20 years ago I bought a new Tracker V-17 with a 50hp Mercury. I towed it all over the place with an '84 S-10 2wd pickup with a 2.8L V-6 with a 5 speed manual transmission. On long hills I would drop down to 4th gear for awhile but otherwise it pulled it great.

The truck did have a limited slip rear end which may have helped on a wet ramp but I don't know if it was necessary. 

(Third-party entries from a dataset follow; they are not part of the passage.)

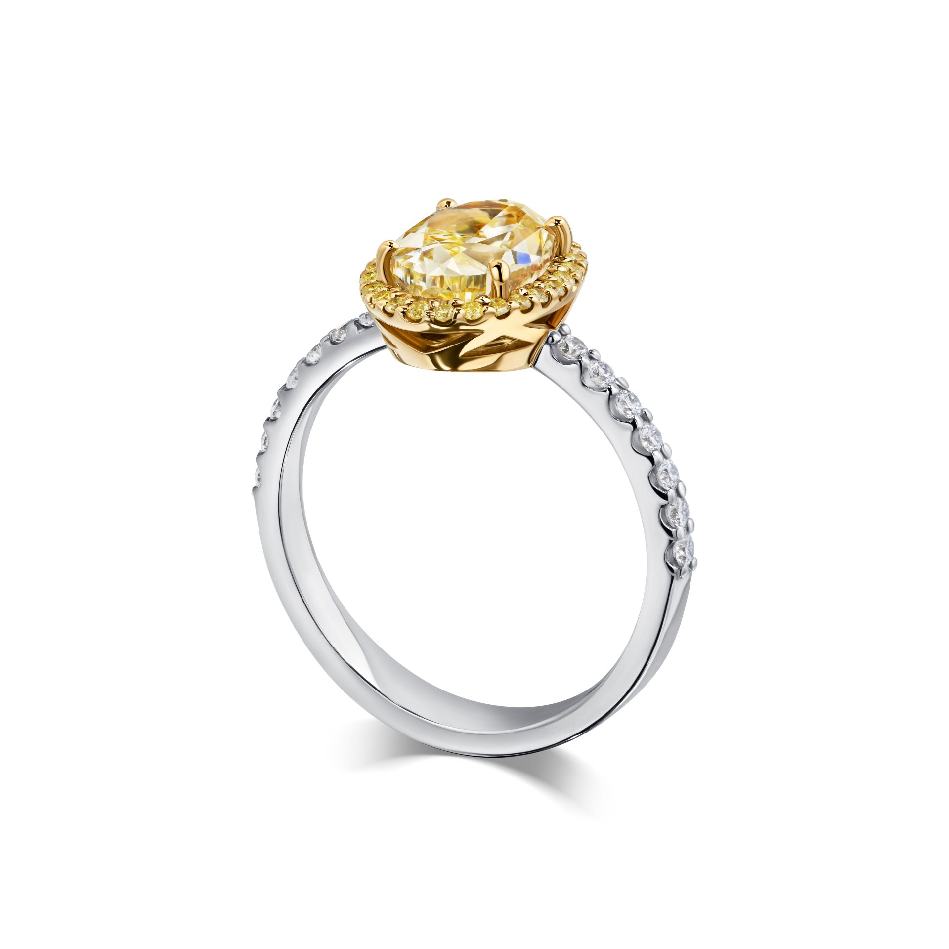 Кольцо с желтым бриллиантом 2.02 карата — это воплощение утонченной элегантности и яркости. Центральный камень, овальной формы, обрамлен россыпью мелких желтых бриллиантов, которые усиливают его сияние и добавляют глубину. Белое золото подчеркивает чистоту и блеск каждого элемента, создавая гармоничный контраст с теплотой желтых оттенков.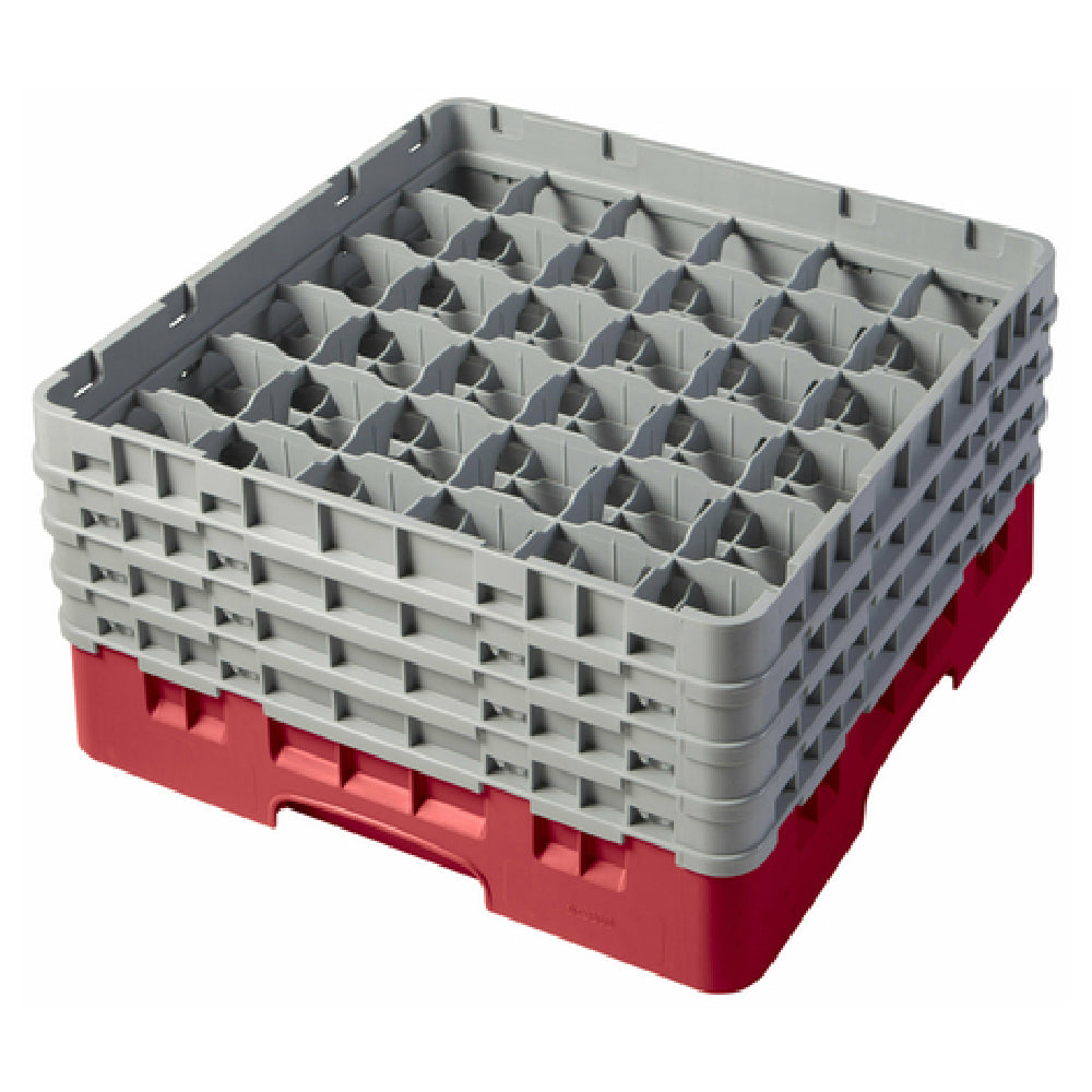 The Cambro 36S800163 Camrack® Glass Rack with (4) Soft Gray Extenders Full Size is a meticulously engineered product designed to enhance efficiency and organization in commercial settings. Measuring 19-3/4" x 19-3/4" x 10-1/2", this full-size glass rack is equipped with 36 compartments, each accommodating a maximum diameter of 2-7/8" and a maximum height of 8-1/2". The inclusion of four soft gray extenders allows for customizable stacking, optimizing space while ensuring the safe transport and storage of glassware. Its vibrant red color ensures easy identification and organization in busy environments. The Cambro 36S800163 is HACCP compliant, supporting food safety and quality control protocols, and is NSF certified, meeting rigorous public health and safety standards. This glass rack is an indispensable asset for restaurants, catering services, and hospitality venues, offering a robust and reliable solution for glassware management. With its precise specifications and durable construction, the Cambro 36S800163 Camrack® is tailored to meet the diverse demands of professionals within the food and beverage industry, enhancing operational efficiency and ensuring the safe handling of delicate glassware.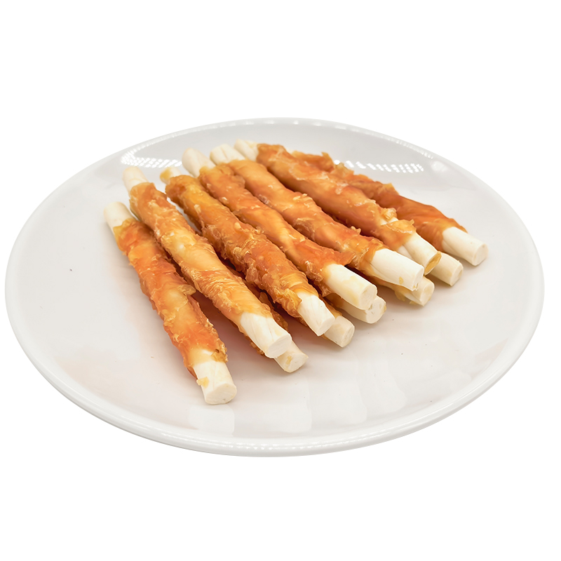 Inicio / Productos / Serie de cuero crudo compuesto / NP002 Palillo masticable para perros de cuero crudo compuesto envuelto en pollo de 5"

If you aren't comfortable on a ramp with a manual transmission, tie a rope on a wheel chock and pull it out of the way as you get rolling.


----------



## wballard77

I have a 2006 Tracker Pro Team 170TX 
Weight is 1384lbs. I pull it with a Durango with ease! 
I have a buddy that pulls an older one with a 4 cyl. Accord WGN


----------



## Bill-H

i have a 2006 bass tracker 175 pt it weighs 1592 lbs and i pull it with a 2000 chevy blazer with no trouble at all.


----------



## bassaddict

Thank you for the replys! I didn't think bass trackers really weighed that much. Please forgive my ignorance but is there a noticible difference when pulling one verses a fiberglass boat of comparable size? I remember noticing the coast guard(?) plate on my buddies hydra sport and it said 1,200#'s. I don't recall if that was with the motor or not. (I'm assuming not?) I just don't what to buy a boat and then be forced into buying another truck just to pull it.

Thanks again.


----------



## ohio-outdoorsman

i've got you all beat! i towed a bass tracker pro 17 with a gmc sonoma(s-10) with a big 2.5 liter 4-banger 5speed stick for years. nooo problems!


----------



## Hetfieldinn

bassaddict said:


> I remember noticing the coast guard(?) plate on my buddies hydra sport and it said 1,200#'s. I don't recall if that was with the motor or not. (I'm assuming not?)


That would be the weight capacity of the boat, not what the boat weighed.


----------